One way to overcome many of the problems associated with the treatment of lung cancer is to target drugs specifically to the tumor itself. This can increase the amount of drug that gets to the tumor because it is not spread throughout the entire body and can kill tumor cells more effectively, thus reducing the chance of cancer cells becoming drug-resistant. Targeted delivery can also reduce side effects by concentrating drug in the tumor, which limits exposure elsewhere and reduces systemic side effects. Most therapies are injected into the blood and must penetrate into the tumors to be effective. Though these therapies work very well in the lab, they usually fail when used in human patients. Tumor access is largely prevented by a thin lining of cells on the inner surface of blood vessels called the endothelium that act as a barrier between blood and tissue.

Instead of searching for more targets on tumor cells, we have shifted focus to find targets that are expressed on the endothelium. We have shown that the endothelium is specially adapted to support the tissue around it. Each type of tissue appears to express a unique set of proteins that are not found elsewhere. In the rat, healthy lung is distinct from other organs and from lung tumors. Thus, proteins that are induced in tumors can act as biomarkers to diagnose disease.
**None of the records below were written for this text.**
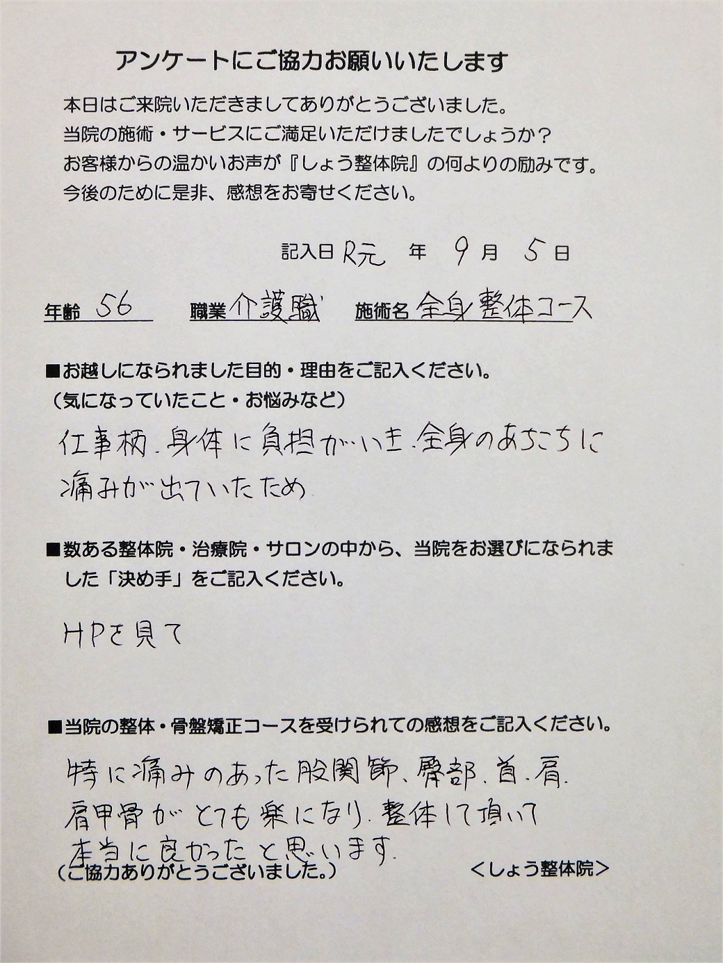 特に痛みのあった股関節、臀部、首、肩、肩甲骨がとても楽になり、整体していただいて本当に良かったと思います。
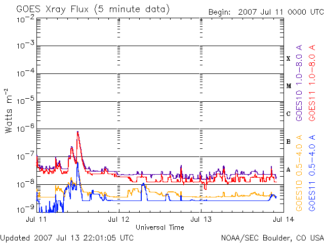 De operationele data in de bovenstaande grafiek werd aangepast om de schaalfactor te verwijderen die werd toegepast door het Space Weather Prediction Center (SWPC). Vanwege de SWPC-schaalfactor in de operationele data werden de zonnevlammen 42% kleiner gerapporteerd dan deze in de wetenschappelijke data. De schaalfactor werd ook verwijderd uit de lijst met zonnevlammen om de werkelijke fysieke eenheden weer te geven.
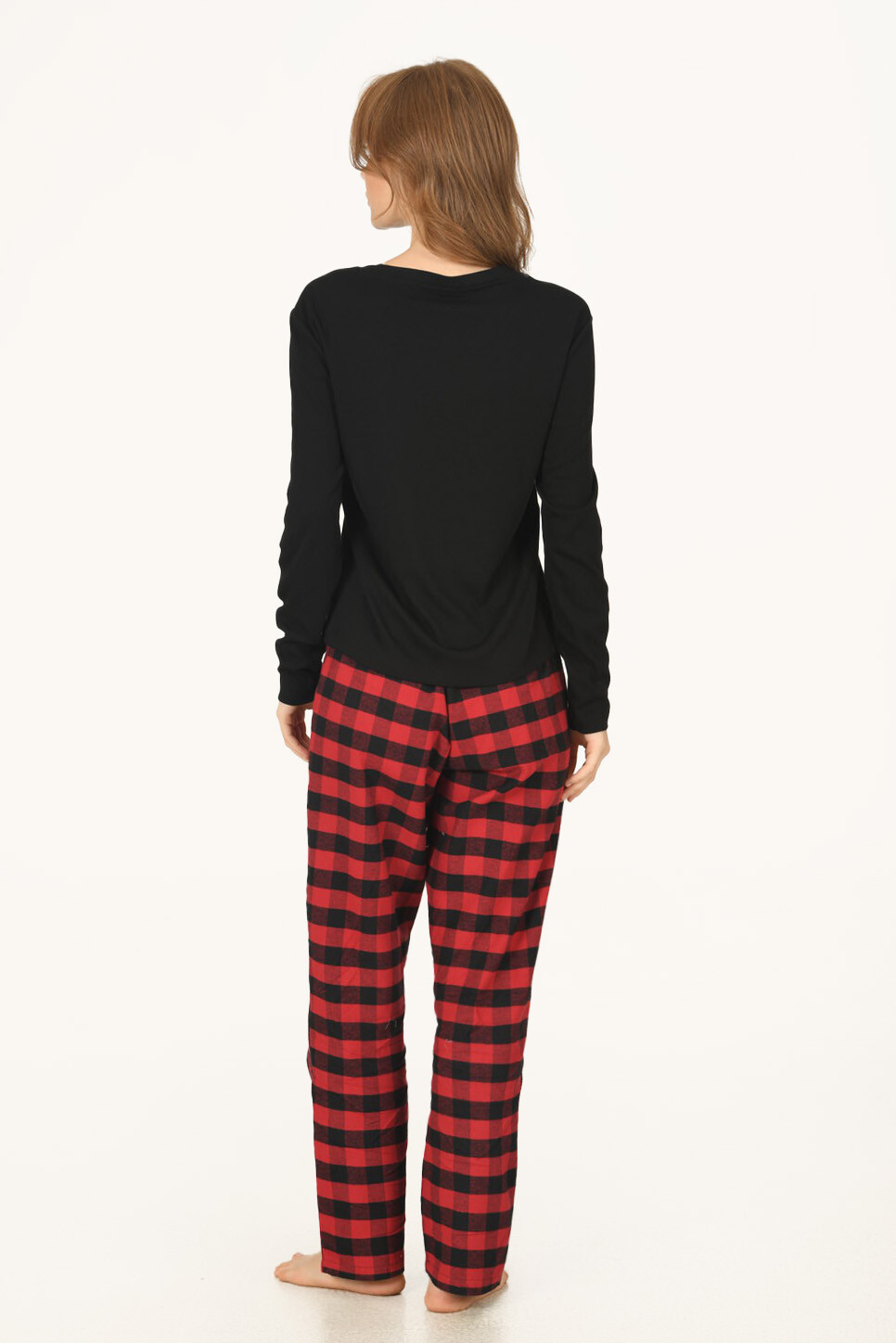 Siyah Kırmızı Kalpli Kareli Pijama Takım

Some of these tumor-induced biomarkers will stick out into the blood where they can directly bind targeted agents that been intravenously injected. We have discovered that when radioactive agents are targeted against proteins that are only found in tumor blood vessels, they bind to the tumor blood vessels and can effectively destroy solid tumors within days of treatment without damaging the surrounding healthy tissue. Thus, identifying and validating these key proteins is the first step in developing safer, more effective therapies.
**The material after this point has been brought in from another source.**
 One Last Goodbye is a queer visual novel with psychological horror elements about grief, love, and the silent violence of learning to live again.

We have spent years optimizing all the techniques needed and overcoming major hurdles using rat models of disease. However, in order to address human disease, we must study human tissue. We hypothesize that blood vessels in human lung tumors will express distinct proteins that are not found in blood vessels in normal human lung. Here, we will use our novel techniques to identify the proteins at the surface of blood vessels from both normal lung and lung tumors. We will then compare lung and lung tumor blood vessels to discover those few proteins that are only found in tumor tissue. We will validate candidate biomarkers and targets using antibodies to assess protein expression in multiple types of lung tumors and human tissue. We expect to generate a detailed map of protein expression in lung tumors and identify novel, tumor-induced biomarkers could provide new ways to diagnose and classify lung tumors. Additionally, these biomarkers may be useful therapeutic targets. Finally, because these targets are likely to be accessible to the blood, they can mediate in vivo tumor targeting. Ultimately, antibodies against tumor-induced, accessible biomarkers could be used to target imaging and therapeutic agents specifically to tumors. This could create safer and more effective ways to diagnose, image, and treat lung cancer. Thus, this work clearly impacts TRDRPs Lung Cancer priority issue and could have tremendous impact for patients with lung cancer.